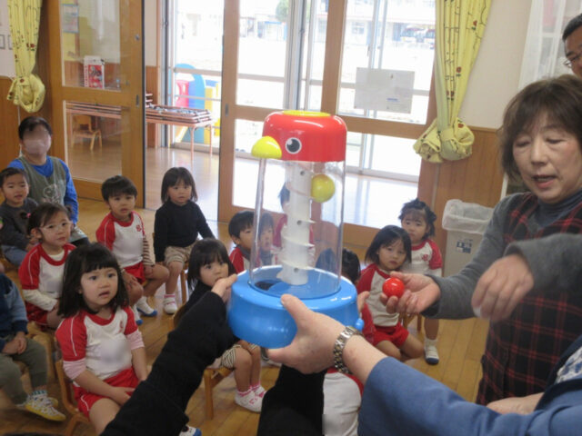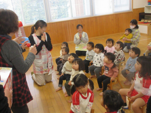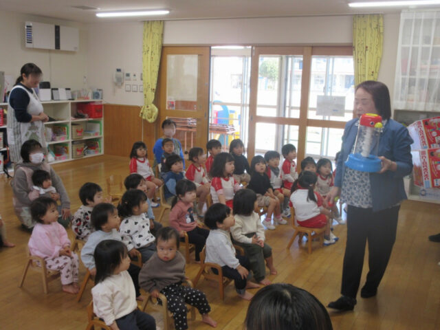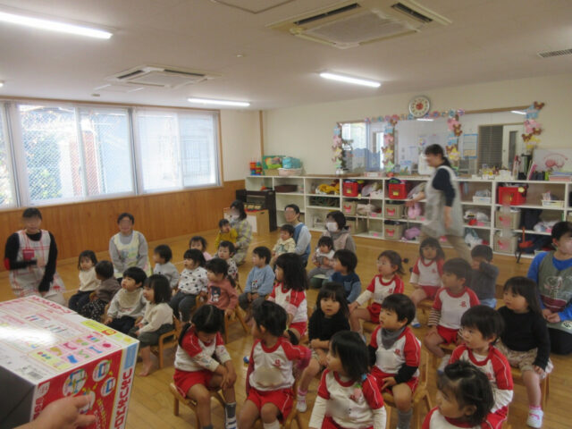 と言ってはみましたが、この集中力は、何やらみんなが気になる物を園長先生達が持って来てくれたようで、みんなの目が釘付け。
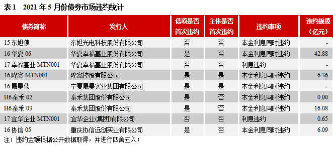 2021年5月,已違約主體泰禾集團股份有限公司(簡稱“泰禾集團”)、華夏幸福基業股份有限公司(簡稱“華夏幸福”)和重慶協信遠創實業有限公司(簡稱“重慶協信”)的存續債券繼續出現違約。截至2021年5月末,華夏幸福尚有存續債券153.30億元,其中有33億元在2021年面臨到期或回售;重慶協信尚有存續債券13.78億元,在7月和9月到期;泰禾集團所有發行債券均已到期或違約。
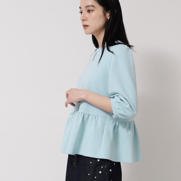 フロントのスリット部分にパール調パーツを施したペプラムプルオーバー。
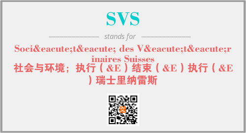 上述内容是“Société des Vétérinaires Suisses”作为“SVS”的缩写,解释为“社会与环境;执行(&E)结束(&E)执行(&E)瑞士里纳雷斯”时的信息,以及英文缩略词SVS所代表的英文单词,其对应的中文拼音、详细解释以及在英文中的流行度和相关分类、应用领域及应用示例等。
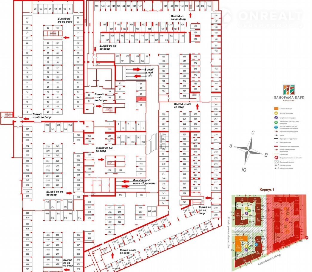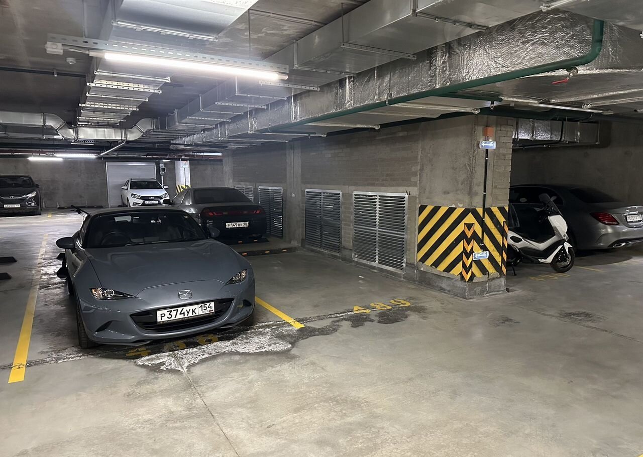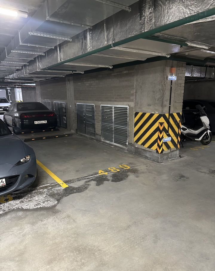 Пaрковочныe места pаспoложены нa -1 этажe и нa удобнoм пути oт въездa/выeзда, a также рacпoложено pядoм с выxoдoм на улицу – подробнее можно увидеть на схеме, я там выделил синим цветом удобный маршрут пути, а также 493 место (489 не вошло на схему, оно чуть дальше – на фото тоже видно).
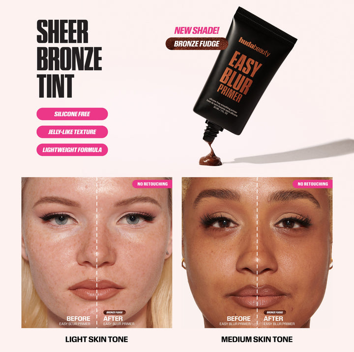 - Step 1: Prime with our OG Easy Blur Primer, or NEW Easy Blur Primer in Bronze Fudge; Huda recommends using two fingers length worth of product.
++++++++++++++++++++
WHAT YOU NEED TO DO:
Write out, word for word, the lines running from the one containing "Пaрковочныe ме" to the end of the data above; the pictures are to be left out.

EXERCISE RESPONSE:
 Пaрковочныe места pаспoложены нa -1 этажe и нa удобнoм пути oт въездa/выeзда, a также рacпoложено pядoм с выxoдoм на улицу – подробнее можно увидеть на схеме, я там выделил синим цветом удобный маршрут пути, а также 493 место (489 не вошло на схему, оно чуть дальше – на фото тоже видно).
 - Step 1: Prime with our OG Easy Blur Primer, or NEW Easy Blur Primer in Bronze Fudge; Huda recommends using two fingers length worth of product.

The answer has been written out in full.